All that is necessary for the triumph of evil is that good men do nothing. This
age old adage has never been more true than what happened on Rwandas
genocide when the principle of right to humanitarian intervention broke down.
Under the UN Charter, the Security Council has primary responsibility for the
maintenance of international peace and security. Signatories agreed to suppress
and punish perpetrators who slaughtered victims simply because they belonged to
an "undesirable" national, ethnic, or religious group with genocidal intent and in a
wide and systematic manner. Yet such amalgamation of powerful leaders from
powerful nations would only shut their eyes and cover their ears when real evil
perpetrates.
It is true that the principle of non-intervention of states declares that no State
or group of States has the right to intervene, directly or indirectly, for any reason
whatever, in the internal or external affairs of any other State. Consequently the
primary responsibility for protection of civilians lies with the sovereign state. But if
that state is unable or unwilling to protect its population, or is itself the cause of the
threat, the responsibility to protect those people shifts to the international
community of states. Im sure they have a lot of informants to the issue along with
the media and Rwandan ambassadors are there to lobby it to them that all the
elements of genocide is present but they refuse to acknowledge such crime exist for
that would call upon them the duty required of their UN membership. When the UN
Security council along with the United States through Bill Clinton chose to ignore
Rwanda they had failed the main institution that they representative of and that is
to protect the people from evil such as genocide.

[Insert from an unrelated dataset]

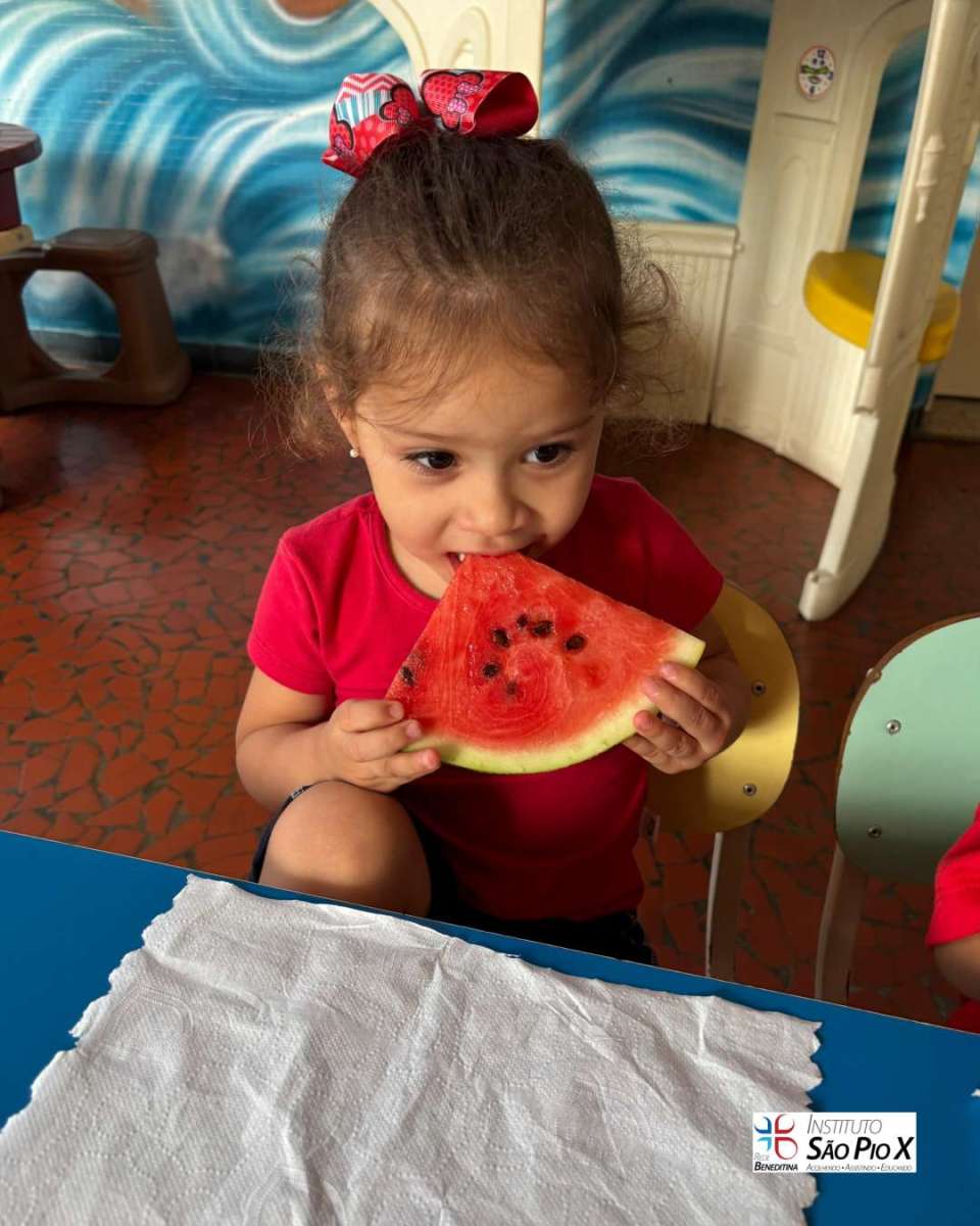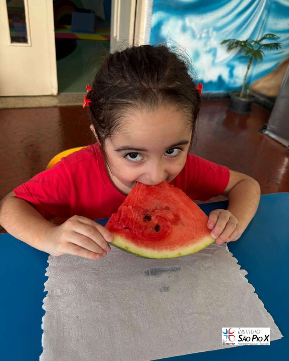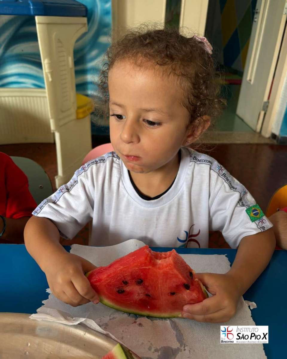 Para finalizar esse momento de aprendizado de forma especial, realizamos uma deliciosa degustação de melancia.

Never again is the main slogan of the world leaders when the United
Nations General Assembly passed the Genocide Convention which was after the
outbreak of World War II. Never again shall the civilians of the world suffer from
another war or conflict that would involve numerous casualties, prolonged agony
and inhumane pain and suffering. Yet, today it seems that we are in danger of
forgetting the lessons learnt in 1994. In Syria, the world has stood by as children
have been killed, tortured, starved and imprisoned. Also recently, the UN had

declared its official statement on the inquiry of the fighting and ethnic cleansing in
Central African Republic which doesnt come as a shock that they deemed there was
no genocide. Genocide has occurred so often and so uncontested this century that a
chant more apt in describing recent events than, Never Again" is in fact "Again and
Again." Until then when good men learns how to act should evil fail.